Master teachers also "reframe" the learning process so that their descriptions coincide with what students are interested in. For example, assumptions can be examined as "myths," issues can be embedded in human interest (even salacious and scandalous) stories (true or not), and concepts can be applied to any personal or professional experience.
For example, a student's interest in auto mechanics or fashion design can be used to describe math concepts, health issues, science principles, politics, etc.
The connections between the course-of-study and each student's interests are limited only by the teacher's creativity and imagination…and it is just that creativity and imagination that teachers need to "set off" in students.
Master teachers also perfected marketing's "bonus offer." Here "extra credit" has allowed teachers to use talents and skills from students' various Multiple Intelligences to compensate for less than stellar abilities in the "Verbal-Linguistic" and "Mathematical-Logical" areas that lesser teachers fixate upon.

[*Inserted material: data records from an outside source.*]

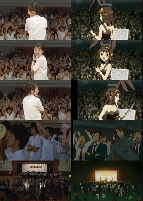 당시 씹덕계에 큰 파장을 일으켰던 애니인 '스즈미야 하루히의 우울'(2006) 에 상당 부분 오마주가 됨
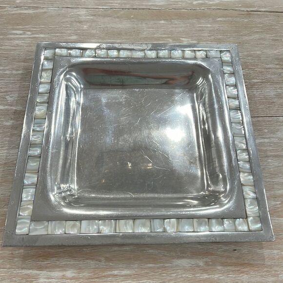 Antique Towle Silver Mother of Pearl & Aluminum Square Serving Tray 12 " x 12 "
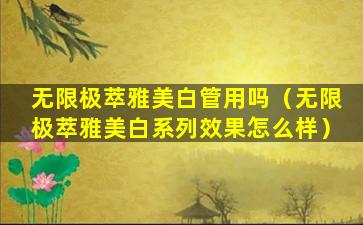 关于“无限极萃雅美白管用吗”的问题,这取决于多个因素:
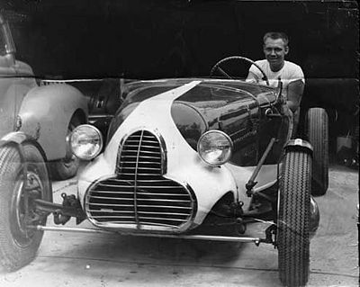 At 16, Dick bought a 1941 Hupmobile for $ 25 USD, this was his first car, his father gave up a room inside the store, as a workshop so he could work on his car, Dick took 2 years to leave the old man Hupmobile ready, when the body was finished, Billl Hines painted the car red.

Master teachers also negotiate the means and methods that will be used during class to increase the knowledge and skills that the students acquire. Less masterful teachers fixate on a "one-method-teachers-all" strategy with "quiz and test with points off" de-motivators. These same "dim stars of the education stage" often link the "point-off" strategy to "motivating" students to complete their homework.
Unfortunately, what this process succeeds in doing is to teach students to dislike and mistrust their teacher.
The Magic of Marketing: Same as Masterful Teaching
A master teachers know that marketing a course-of-study is less about scattering a our message to the wild-open world of students as the psychologists, professors and theorists imagine them to be; but more about pinpointing a specific message to each specific student.
Think more like a (scum of the Earth) telemarketer on the phone with you during your dinnertime, one to one; instead of the radio that plays in the background.
What's the difference?
Answer: You hear one, but no one hears the other.
Which results do you want your course-of-study teaching to emulate?
And remember the slick marketer's most guarded secret, i.e., that "People buy from people that they like."
The foundation of your marketing your course-of-study to your students is to earn their trust, deserve their respect, and treat them kindly and well…to be seen as the kind of person that they would like to learn from.